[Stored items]
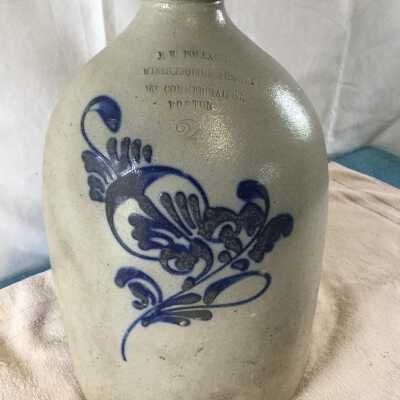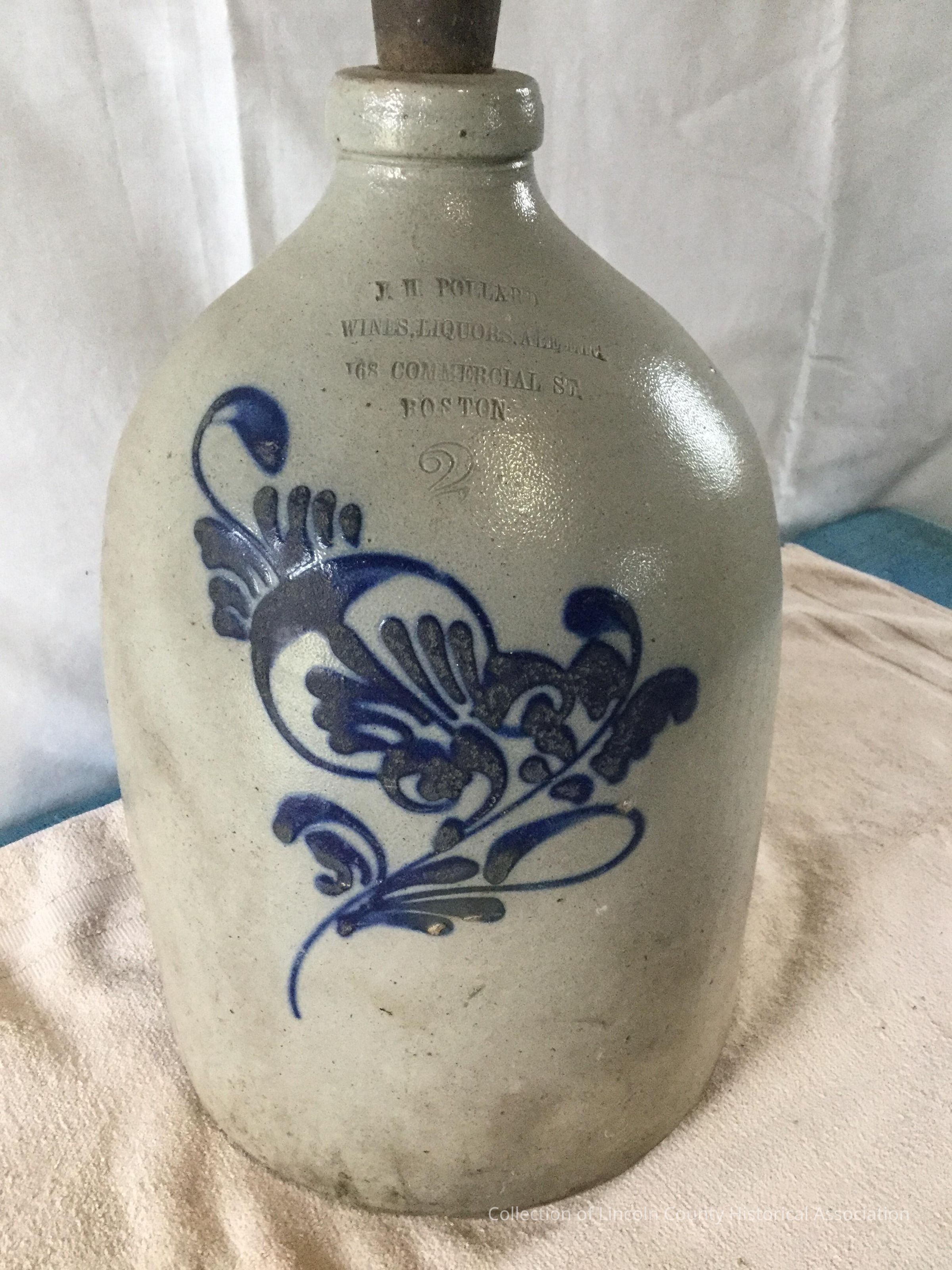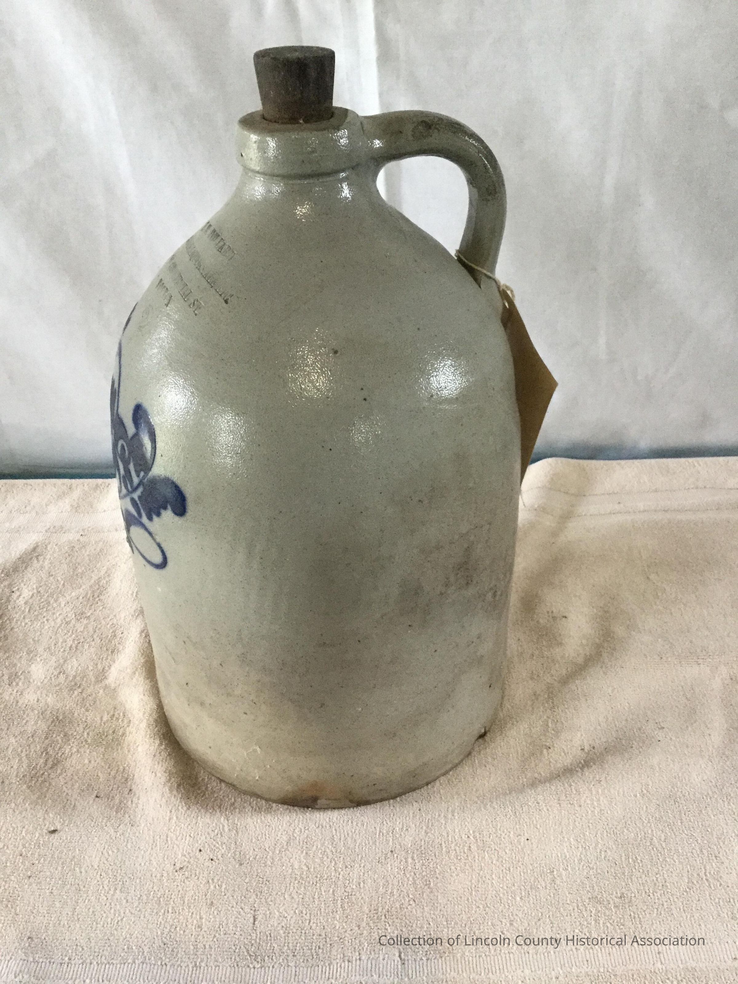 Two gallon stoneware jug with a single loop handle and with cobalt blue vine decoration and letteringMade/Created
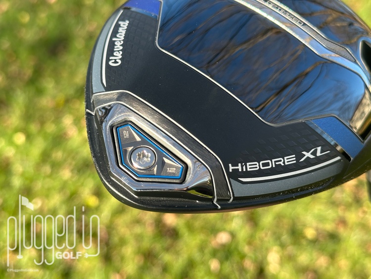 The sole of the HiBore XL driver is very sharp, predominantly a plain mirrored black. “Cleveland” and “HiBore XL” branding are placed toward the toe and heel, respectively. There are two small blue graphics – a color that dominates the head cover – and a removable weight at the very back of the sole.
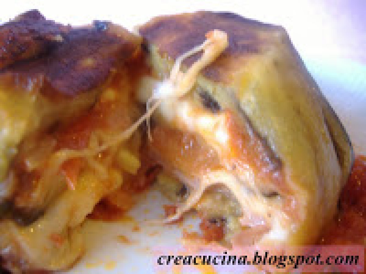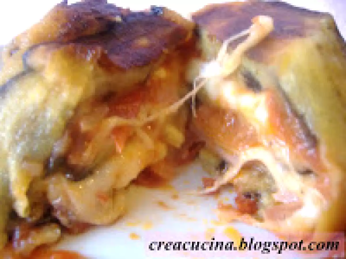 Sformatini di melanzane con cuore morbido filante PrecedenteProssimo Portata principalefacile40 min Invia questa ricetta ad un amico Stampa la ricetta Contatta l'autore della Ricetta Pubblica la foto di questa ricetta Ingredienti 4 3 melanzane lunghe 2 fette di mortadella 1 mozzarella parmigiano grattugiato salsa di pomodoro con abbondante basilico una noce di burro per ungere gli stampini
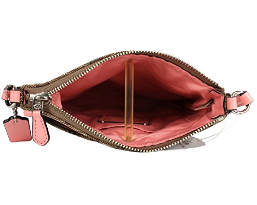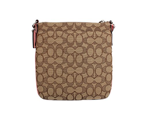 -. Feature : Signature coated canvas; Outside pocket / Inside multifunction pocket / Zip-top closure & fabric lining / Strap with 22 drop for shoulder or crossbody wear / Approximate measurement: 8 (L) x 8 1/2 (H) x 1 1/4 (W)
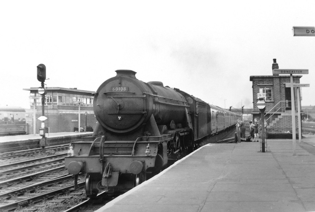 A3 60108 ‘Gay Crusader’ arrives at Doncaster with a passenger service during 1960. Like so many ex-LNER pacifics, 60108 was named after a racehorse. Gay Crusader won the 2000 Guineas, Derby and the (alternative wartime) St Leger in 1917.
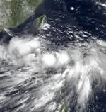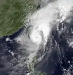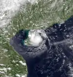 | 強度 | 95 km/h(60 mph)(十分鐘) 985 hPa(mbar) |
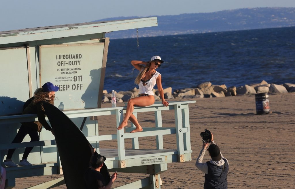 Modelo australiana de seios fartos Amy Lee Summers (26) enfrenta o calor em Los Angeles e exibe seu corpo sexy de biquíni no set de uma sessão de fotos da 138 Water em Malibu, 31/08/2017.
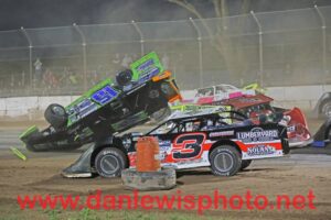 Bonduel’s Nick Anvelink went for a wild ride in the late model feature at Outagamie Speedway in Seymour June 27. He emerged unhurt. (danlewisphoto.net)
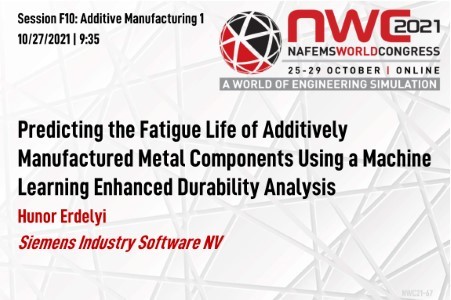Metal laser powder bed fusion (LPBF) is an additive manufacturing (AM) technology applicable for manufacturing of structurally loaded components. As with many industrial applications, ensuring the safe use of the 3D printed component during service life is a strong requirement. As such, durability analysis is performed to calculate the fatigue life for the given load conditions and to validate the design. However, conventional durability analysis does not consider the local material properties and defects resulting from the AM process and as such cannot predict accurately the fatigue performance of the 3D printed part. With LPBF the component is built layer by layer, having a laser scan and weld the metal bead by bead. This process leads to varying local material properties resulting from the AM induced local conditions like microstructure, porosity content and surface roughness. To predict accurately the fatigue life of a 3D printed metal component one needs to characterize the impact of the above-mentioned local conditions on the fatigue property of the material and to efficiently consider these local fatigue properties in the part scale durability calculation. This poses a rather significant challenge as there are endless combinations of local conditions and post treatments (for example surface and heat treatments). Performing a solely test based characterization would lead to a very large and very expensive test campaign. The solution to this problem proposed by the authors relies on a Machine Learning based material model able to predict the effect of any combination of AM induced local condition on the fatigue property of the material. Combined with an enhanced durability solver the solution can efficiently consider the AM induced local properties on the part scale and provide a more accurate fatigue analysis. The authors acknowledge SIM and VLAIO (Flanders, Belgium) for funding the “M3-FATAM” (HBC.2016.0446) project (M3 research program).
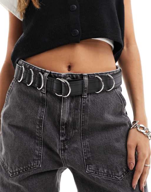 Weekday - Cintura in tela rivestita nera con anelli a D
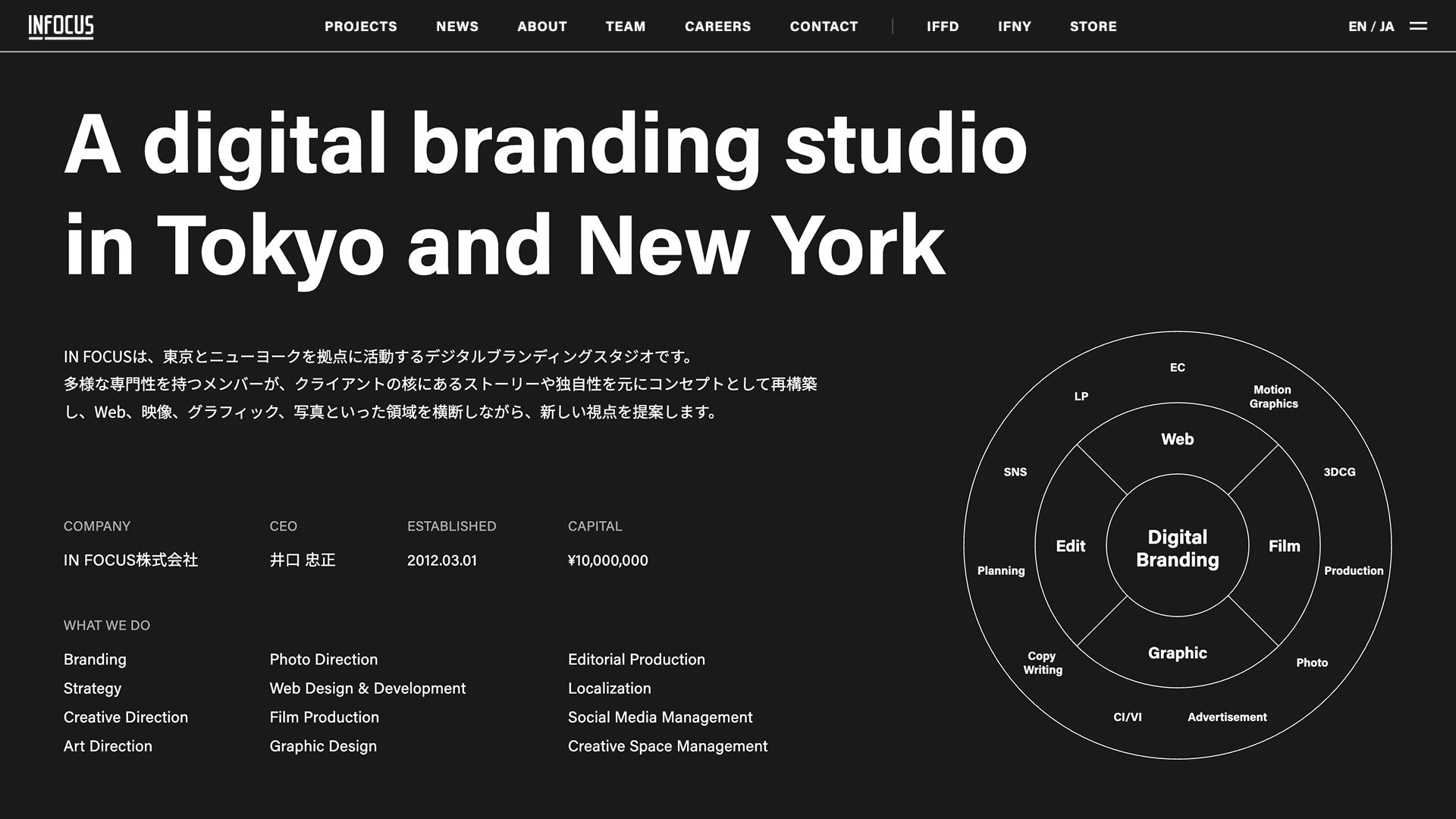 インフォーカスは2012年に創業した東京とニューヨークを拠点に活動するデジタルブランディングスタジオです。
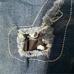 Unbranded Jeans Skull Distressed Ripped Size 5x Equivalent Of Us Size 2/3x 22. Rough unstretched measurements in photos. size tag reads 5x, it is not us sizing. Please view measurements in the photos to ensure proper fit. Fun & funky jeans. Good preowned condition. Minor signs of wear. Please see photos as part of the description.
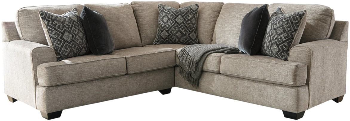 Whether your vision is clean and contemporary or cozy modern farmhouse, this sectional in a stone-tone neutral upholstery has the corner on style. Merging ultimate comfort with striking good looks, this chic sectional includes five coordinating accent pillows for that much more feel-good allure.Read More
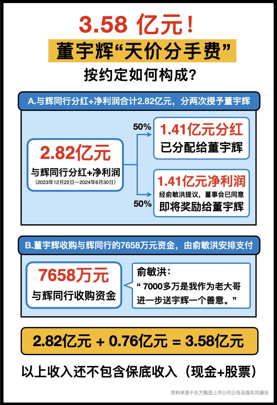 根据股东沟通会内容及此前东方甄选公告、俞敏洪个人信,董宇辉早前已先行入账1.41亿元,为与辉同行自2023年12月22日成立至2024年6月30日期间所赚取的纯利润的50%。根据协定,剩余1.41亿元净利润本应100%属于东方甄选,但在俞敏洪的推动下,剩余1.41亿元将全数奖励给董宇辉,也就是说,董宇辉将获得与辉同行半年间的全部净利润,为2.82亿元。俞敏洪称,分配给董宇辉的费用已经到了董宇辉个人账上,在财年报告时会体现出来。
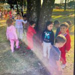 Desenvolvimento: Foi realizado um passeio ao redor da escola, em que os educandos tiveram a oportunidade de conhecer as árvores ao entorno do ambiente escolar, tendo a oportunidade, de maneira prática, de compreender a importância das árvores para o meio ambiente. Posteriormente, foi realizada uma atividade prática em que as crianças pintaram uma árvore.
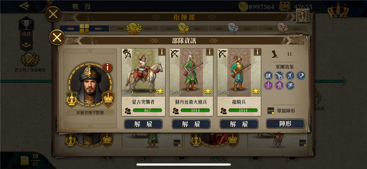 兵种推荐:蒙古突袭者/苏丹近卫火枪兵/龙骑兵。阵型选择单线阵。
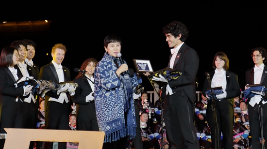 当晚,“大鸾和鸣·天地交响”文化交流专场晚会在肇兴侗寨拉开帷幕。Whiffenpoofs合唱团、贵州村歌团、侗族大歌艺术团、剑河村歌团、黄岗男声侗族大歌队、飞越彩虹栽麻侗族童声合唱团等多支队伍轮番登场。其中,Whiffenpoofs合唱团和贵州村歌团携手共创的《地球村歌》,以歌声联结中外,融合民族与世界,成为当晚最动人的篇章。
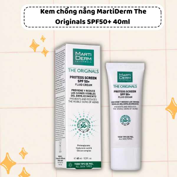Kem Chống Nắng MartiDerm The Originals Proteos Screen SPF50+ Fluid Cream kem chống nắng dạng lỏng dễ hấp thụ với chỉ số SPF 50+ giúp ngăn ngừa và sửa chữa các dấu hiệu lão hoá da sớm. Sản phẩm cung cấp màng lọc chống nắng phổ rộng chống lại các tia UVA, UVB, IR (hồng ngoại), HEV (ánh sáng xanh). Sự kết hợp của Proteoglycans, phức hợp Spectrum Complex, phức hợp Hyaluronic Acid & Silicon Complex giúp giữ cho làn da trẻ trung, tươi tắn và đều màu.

What is needed: Above are the records; reproduce them exactly and leave out the pictures.

Response area:
 Two gallon stoneware jug with a single loop handle and with cobalt blue vine decoration and letteringMade/Created
 The sole of the HiBore XL driver is very sharp, predominantly a plain mirrored black. “Cleveland” and “HiBore XL” branding are placed toward the toe and heel, respectively. There are two small blue graphics – a color that dominates the head cover – and a removable weight at the very back of the sole.
 Sformatini di melanzane con cuore morbido filante PrecedenteProssimo Portata principalefacile40 min Invia questa ricetta ad un amico Stampa la ricetta Contatta l'autore della Ricetta Pubblica la foto di questa ricetta Ingredienti 4 3 melanzane lunghe 2 fette di mortadella 1 mozzarella parmigiano grattugiato salsa di pomodoro con abbondante basilico una noce di burro per ungere gli stampini
 -. Feature : Signature coated canvas; Outside pocket / Inside multifunction pocket / Zip-top closure & fabric lining / Strap with 22 drop for shoulder or crossbody wear / Approximate measurement: 8 (L) x 8 1/2 (H) x 1 1/4 (W)
 A3 60108 ‘Gay Crusader’ arrives at Doncaster with a passenger service during 1960. Like so many ex-LNER pacifics, 60108 was named after a racehorse. Gay Crusader won the 2000 Guineas, Derby and the (alternative wartime) St Leger in 1917.
 | 強度 | 95 km/h(60 mph)(十分鐘) 985 hPa(mbar) |
 Modelo australiana de seios fartos Amy Lee Summers (26) enfrenta o calor em Los Angeles e exibe seu corpo sexy de biquíni no set de uma sessão de fotos da 138 Water em Malibu, 31/08/2017.
 Bonduel’s Nick Anvelink went for a wild ride in the late model feature at Outagamie Speedway in Seymour June 27. He emerged unhurt. (danlewisphoto.net)
Metal laser powder bed fusion (LPBF) is an additive manufacturing (AM) technology applicable for manufacturing of structurally loaded components. As with many industrial applications, ensuring the safe use of the 3D printed component during service life is a strong requirement. As such, durability analysis is performed to calculate the fatigue life for the given load conditions and to validate the design. However, conventional durability analysis does not consider the local material properties and defects resulting from the AM process and as such cannot predict accurately the fatigue performance of the 3D printed part. With LPBF the component is built layer by layer, having a laser scan and weld the metal bead by bead. This process leads to varying local material properties resulting from the AM induced local conditions like microstructure, porosity content and surface roughness. To predict accurately the fatigue life of a 3D printed metal component one needs to characterize the impact of the above-mentioned local conditions on the fatigue property of the material and to efficiently consider these local fatigue properties in the part scale durability calculation. This poses a rather significant challenge as there are endless combinations of local conditions and post treatments (for example surface and heat treatments). Performing a solely test based characterization would lead to a very large and very expensive test campaign. The solution to this problem proposed by the authors relies on a Machine Learning based material model able to predict the effect of any combination of AM induced local condition on the fatigue property of the material. Combined with an enhanced durability solver the solution can efficiently consider the AM induced local properties on the part scale and provide a more accurate fatigue analysis. The authors acknowledge SIM and VLAIO (Flanders, Belgium) for funding the “M3-FATAM” (HBC.2016.0446) project (M3 research program).
 Weekday - Cintura in tela rivestita nera con anelli a D
 インフォーカスは2012年に創業した東京とニューヨークを拠点に活動するデジタルブランディングスタジオです。
 Unbranded Jeans Skull Distressed Ripped Size 5x Equivalent Of Us Size 2/3x 22. Rough unstretched measurements in photos. size tag reads 5x, it is not us sizing. Please view measurements in the photos to ensure proper fit. Fun & funky jeans. Good preowned condition. Minor signs of wear. Please see photos as part of the description.
 Whether your vision is clean and contemporary or cozy modern farmhouse, this sectional in a stone-tone neutral upholstery has the corner on style. Merging ultimate comfort with striking good looks, this chic sectional includes five coordinating accent pillows for that much more feel-good allure.Read More
 根据股东沟通会内容及此前东方甄选公告、俞敏洪个人信,董宇辉早前已先行入账1.41亿元,为与辉同行自2023年12月22日成立至2024年6月30日期间所赚取的纯利润的50%。根据协定,剩余1.41亿元净利润本应100%属于东方甄选,但在俞敏洪的推动下,剩余1.41亿元将全数奖励给董宇辉,也就是说,董宇辉将获得与辉同行半年间的全部净利润,为2.82亿元。俞敏洪称,分配给董宇辉的费用已经到了董宇辉个人账上,在财年报告时会体现出来。
 Desenvolvimento: Foi realizado um passeio ao redor da escola, em que os educandos tiveram a oportunidade de conhecer as árvores ao entorno do ambiente escolar, tendo a oportunidade, de maneira prática, de compreender a importância das árvores para o meio ambiente. Posteriormente, foi realizada uma atividade prática em que as crianças pintaram uma árvore.
 兵种推荐:蒙古突袭者/苏丹近卫火枪兵/龙骑兵。阵型选择单线阵。
 当晚,“大鸾和鸣·天地交响”文化交流专场晚会在肇兴侗寨拉开帷幕。Whiffenpoofs合唱团、贵州村歌团、侗族大歌艺术团、剑河村歌团、黄岗男声侗族大歌队、飞越彩虹栽麻侗族童声合唱团等多支队伍轮番登场。其中,Whiffenpoofs合唱团和贵州村歌团携手共创的《地球村歌》,以歌声联结中外,融合民族与世界,成为当晚最动人的篇章。
Kem Chống Nắng MartiDerm The Originals Proteos Screen SPF50+ Fluid Cream kem chống nắng dạng lỏng dễ hấp thụ với chỉ số SPF 50+ giúp ngăn ngừa và sửa chữa các dấu hiệu lão hoá da sớm. Sản phẩm cung cấp màng lọc chống nắng phổ rộng chống lại các tia UVA, UVB, IR (hồng ngoại), HEV (ánh sáng xanh). Sự kết hợp của Proteoglycans, phức hợp Spectrum Complex, phức hợp Hyaluronic Acid & Silicon Complex giúp giữ cho làn da trẻ trung, tươi tắn và đều màu.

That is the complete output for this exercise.